▶ _About this task_
Once you find the line with "体育館で入所式をしています。", output it and every line after it exactly, through the last line of the listing, but no pictures.

START Data segment

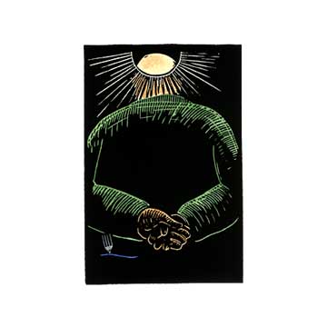 John Kruth and Marvin joined forces and conceived a book combining John’s wonderful sharp poems and Marvin’s linocut illustrations. It was published by Barefoot Press out of Raleigh NC, and won a national “PICA” small press award in 1992. Marvin carved every word in the book as well as all the illustrations.
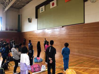 体育館で入所式をしています。
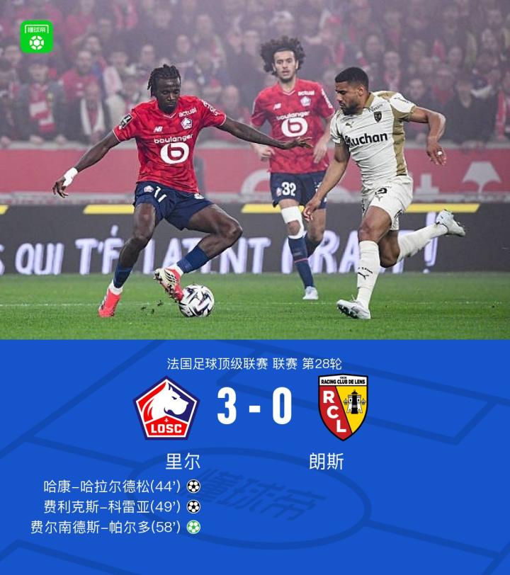 北京时间4月5日,法国足球甲级联赛第28轮,里尔主场对阵朗斯。比赛中,帕尔多传射,哈拉尔德松、费利克斯-科雷亚分别破门。最终,里尔3-0战胜朗斯。

END Data segment

▶ _Answer section_
 体育館で入所式をしています。
 北京时间4月5日,法国足球甲级联赛第28轮,里尔主场对阵朗斯。比赛中,帕尔多传射,哈拉尔德松、费利克斯-科雷亚分别破门。最终,里尔3-0战胜朗斯。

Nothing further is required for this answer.